## SOURCE DATA
————————
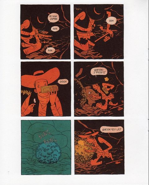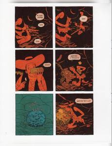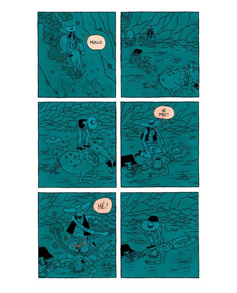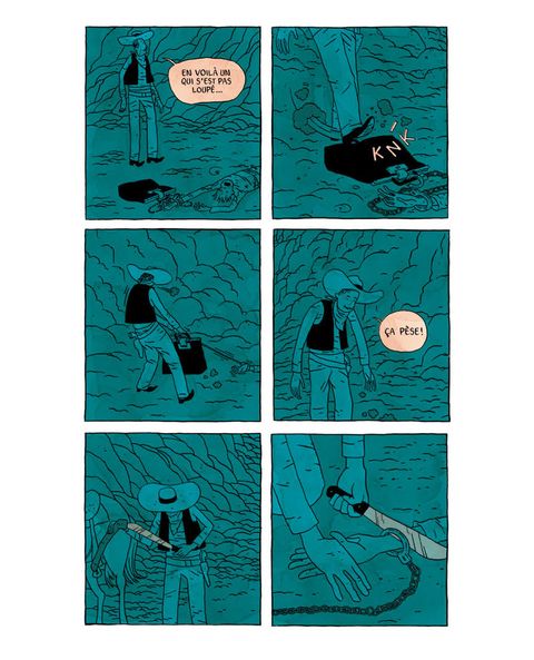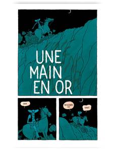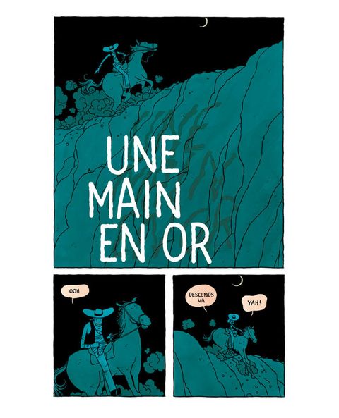 Un cow-boy aux manières frustes découvre un corps dans un ravin. L'homme semble mort, et à sa main est menotée une valise prometteuse. Couper la main ou couper la chaîne ? C'est le début des ennuis pour le pauvre héros de cette histoire de Far West. Très loin des mythiques justiciers de années 50', Une main en or est une fable sur l'avidité qui nous plonge sans préparation au coeur d'une histoire macabre, rude et chaotique comme le désert qui lui sert de décor. Le dessin maitrisé et élégant de Jordan Crane contraste avec la cruauté du récit et l'absence de finesse de son héros. De scène en scène, l'espace des cases se partage entre des noirs sans repli et des lavis monochromatiques tranchés : bleus, rouges, et oranges enferment le protagoniste dans une solitude sans clarté.
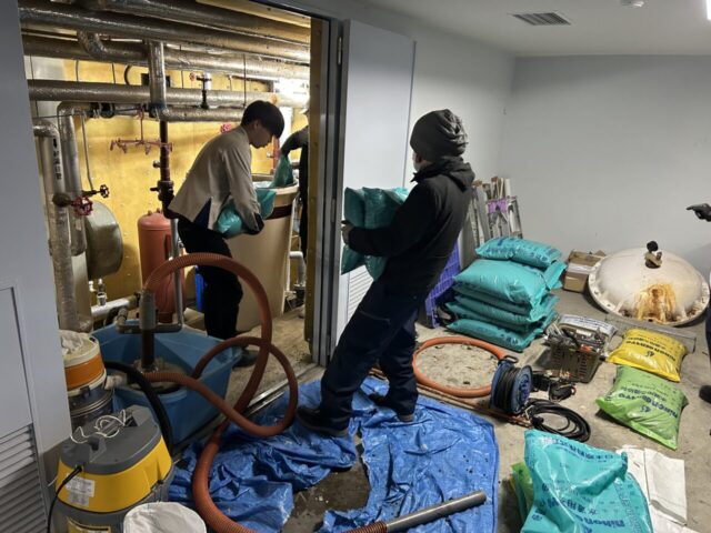 浴場ろ過器ろ材交換(ショウエイ製2基)
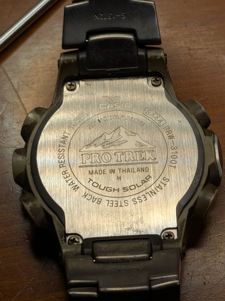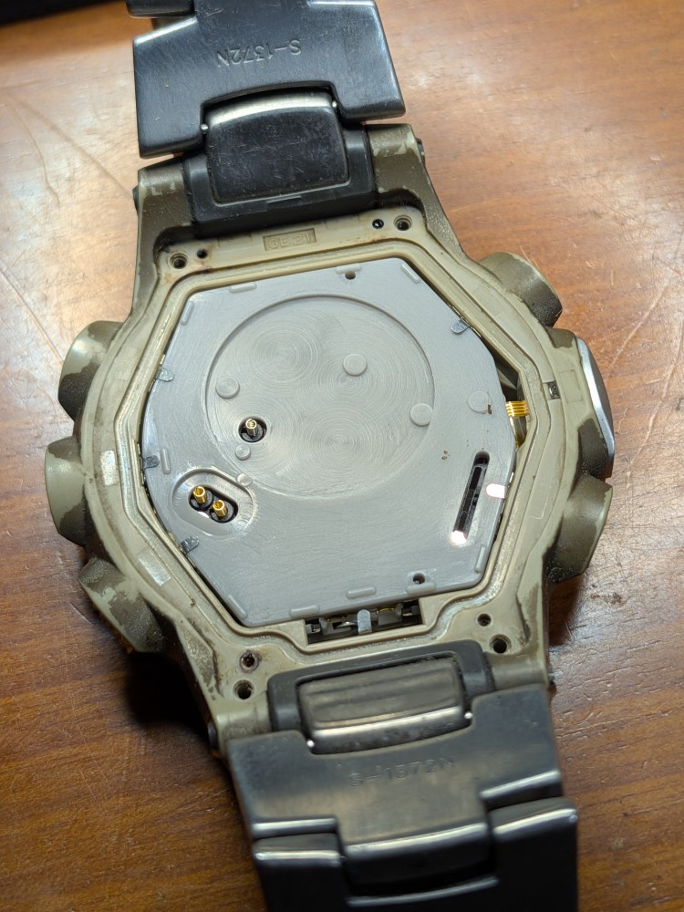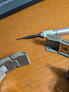 裏ブタを開けて作業しますが、メタルバンドはループ状で作業の邪魔なので一旦分離します。
————————
## DIRECTIONS
The answer is the lines above, word for word, from the first one through the one containing "浴場ろ過器ろ材交換(ショウエイ製2基)"; it includes no pictures.

## ANSWER TO THE PROBLEM
 Un cow-boy aux manières frustes découvre un corps dans un ravin. L'homme semble mort, et à sa main est menotée une valise prometteuse. Couper la main ou couper la chaîne ? C'est le début des ennuis pour le pauvre héros de cette histoire de Far West. Très loin des mythiques justiciers de années 50', Une main en or est une fable sur l'avidité qui nous plonge sans préparation au coeur d'une histoire macabre, rude et chaotique comme le désert qui lui sert de décor. Le dessin maitrisé et élégant de Jordan Crane contraste avec la cruauté du récit et l'absence de finesse de son héros. De scène en scène, l'espace des cases se partage entre des noirs sans repli et des lavis monochromatiques tranchés : bleus, rouges, et oranges enferment le protagoniste dans une solitude sans clarté.
 浴場ろ過器ろ材交換(ショウエイ製2基)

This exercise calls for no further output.